Warlord Cid – War was his business

Warlord War was his business, no question. But what is the story of Rodrigo Vivar’s truth and what is a transfigured adventure story from the time of the Reconquista, can be very difficult to distinguish. In any case, Rodrigo, son of Diego was born in Spain around 1045 and died in 1099 in a battle against the North African Almoravids in the defense of Valencia, which he had just reconquered.

In the struggle of Christians against the Moors and Arabs, who raged in the Middle Ages for centuries on the Iberian Peninsula, the knight played a dazzling role. With his Castilian King Alfonso VI. was the Cid – a derivative of his Arabic nickname the Lord – violently divided, he led a small independent mercenary troupe and mastered with these robber barons very cleverly the newly conquered area around Valencia.

With his Christian knights, who he ran as a kind of warlord, Rodrigo strengthened his position against his adversary, King Alfonso VI. He alleged that he was guilty of the death of his brother Sancho II, who had been one of Rodrigo’s confidants. Alfonso then withdrew the possessions Rodrigo and took him all honorary titles, including that of the standard-bearer.

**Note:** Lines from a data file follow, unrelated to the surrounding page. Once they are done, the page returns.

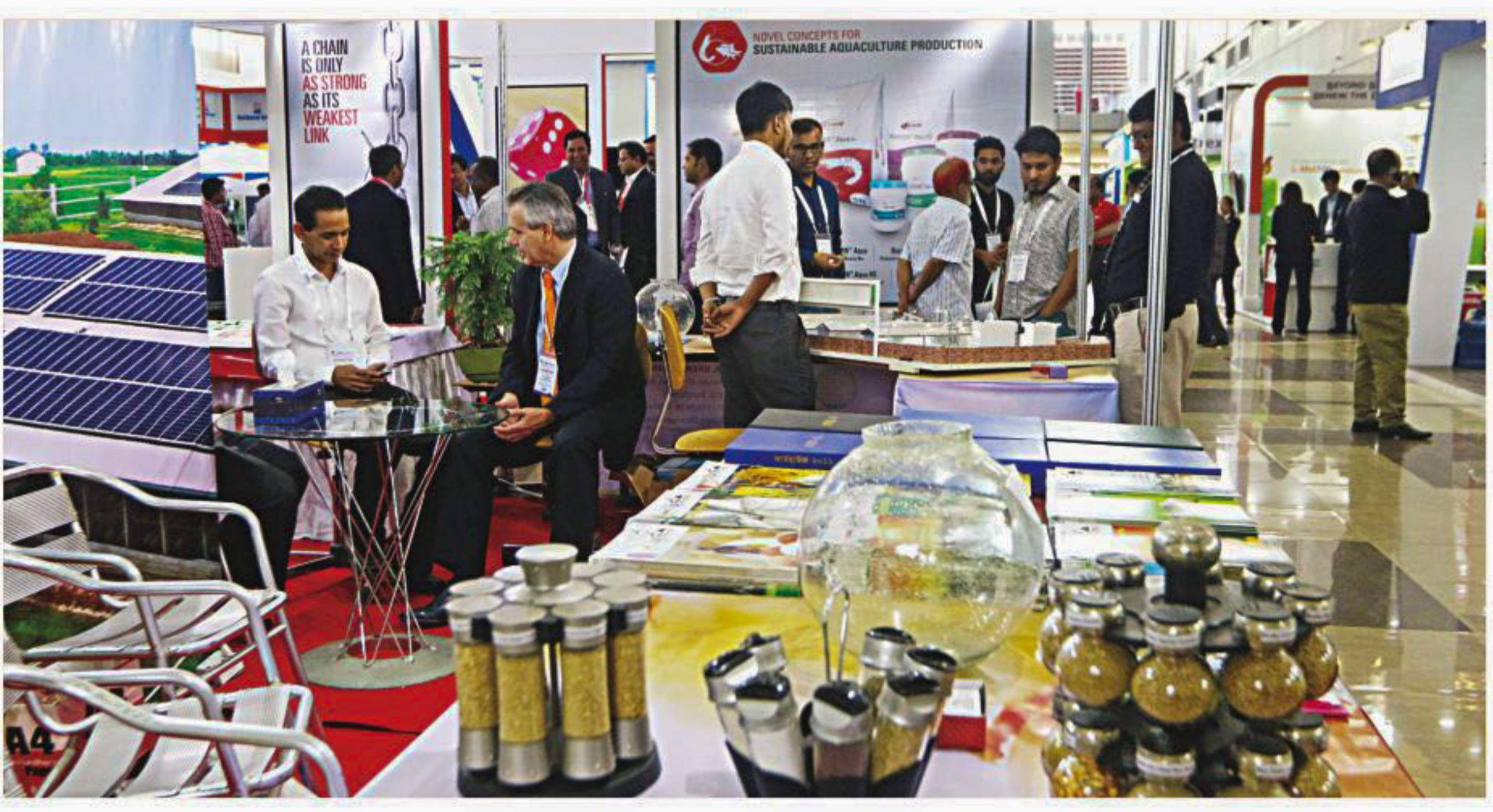
People visit a stall at a poultry show at International Convention City Bashundhara in Dhaka yesterday.

DHAKA FRIDAY MARCH 3, 2017, FALGUN 19, 1423 BS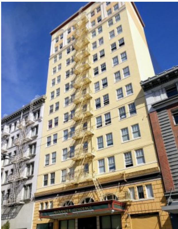
Alexander Residence, front view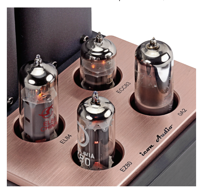
The power supply uses an EZ80 valve rectifier, OA2 voltage stabiliser and both EL84 and ECC83 as voltage regulators.

Firstly, hum and noise. The PS3 MkII was quiet under test, before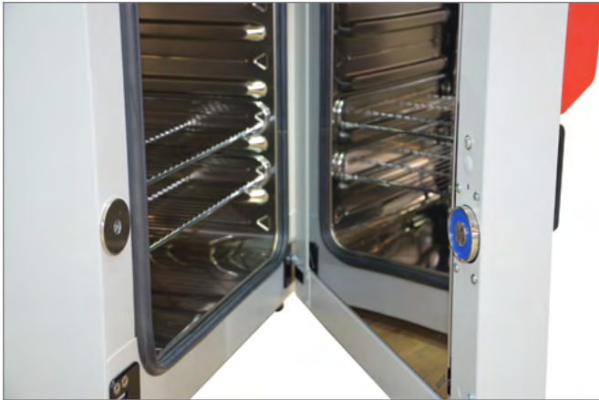
FD 53 model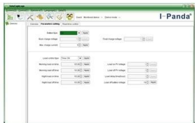
The interface of upper computer software parameter setting state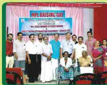
व्हील चेयर का वितरण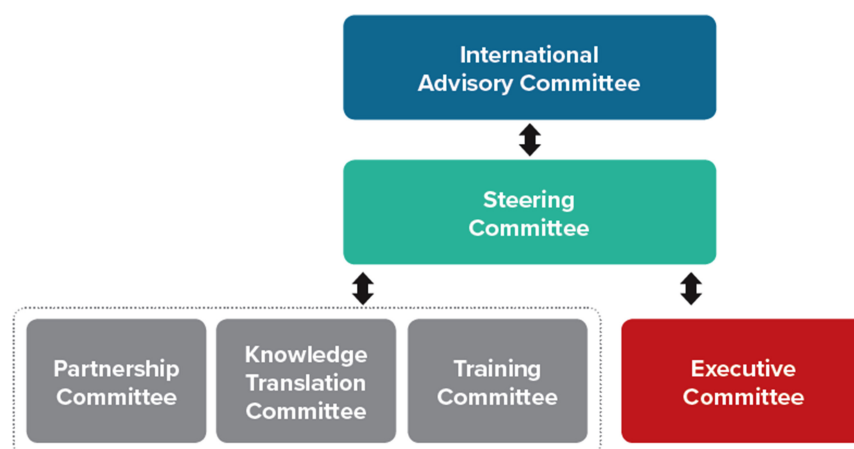
Fig. 1. Governance structure.

The principal investigators established a governance structure that would fulfill the CIHR mandate based on a "results-based" model, which employs a small number of committees structured around overall governance, rather than day-to-day management and operational functions (e.g., finance, human resources, programming) ( O'Flynn and Wanna 2008 ). The SPOR Evidence Alliance's six results-based standing committees include the International Advisory Committee, Steering Committee, Executive Committee, Knowledge Translation Committee, Partnerships Committee, and the Training and Capacity Development Committee ( Fig. 1 ).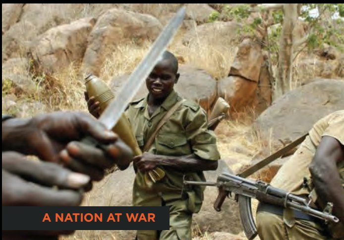
A NATION AT WAR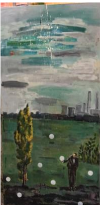
He finds himself alone , 2018 oil on canvas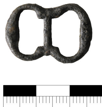
Fig. 5.

The four buckles were all cast of bronze. One of them is a double-sided spectacle buckleframe. (Fig. 5) The rear face is flat, the prong is missing. Similar double-sided specimens appear in cemeteries from the 13 th century on. 16 The closest analogy of the Kisnémedi specimen is known from Buda castle. 17 Based on the stratigraphic contexts it can be dated to the 14–15 th century. A similar buckle, with hoops lengthened into an edge was found in a goldsmith's yard in Visegrád, from the early 15 th century 18 .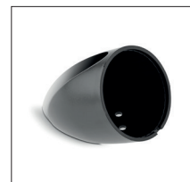
Tilted mounting frame: Easy to install

He played Jews, Christians and Muslims against each other

The struggle for the restoration of his honor was henceforth the main motivation for all the battles that the Cid played with its more than one hundred armored knights.

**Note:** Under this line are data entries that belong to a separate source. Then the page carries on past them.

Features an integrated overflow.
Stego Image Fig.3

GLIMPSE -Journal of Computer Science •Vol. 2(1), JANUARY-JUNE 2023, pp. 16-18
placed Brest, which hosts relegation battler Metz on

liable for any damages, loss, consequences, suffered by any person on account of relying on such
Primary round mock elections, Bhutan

His position of power in the region of Valencia grew more and more and with his miracle sword La Tizona he beat the leader of the Almoravids in the battle for the city: According to the legend he split the head of the general Fariz with a blow and divided its trunk up to the hip. The blow was so powerful that even the rubies on his opponent’s helmet jumped.

In 1094, the North Africans capitulated, and Rodrigo ruled Valencia like a king and even interfered in the Spanish throne policy from there.

He made the main mosque of the city a Christian church and played off the interests of Jews, Christian Mozarabs and the anti-Almoravid Arabs against each other. With Alfonso VI. He tried to reconcile himself by giving his daughters to some of his followers. Again he landed in the trap of honor. The new husbands behaved so badly that the Cid had to send their best knights on their necks to free their daughters from their plight.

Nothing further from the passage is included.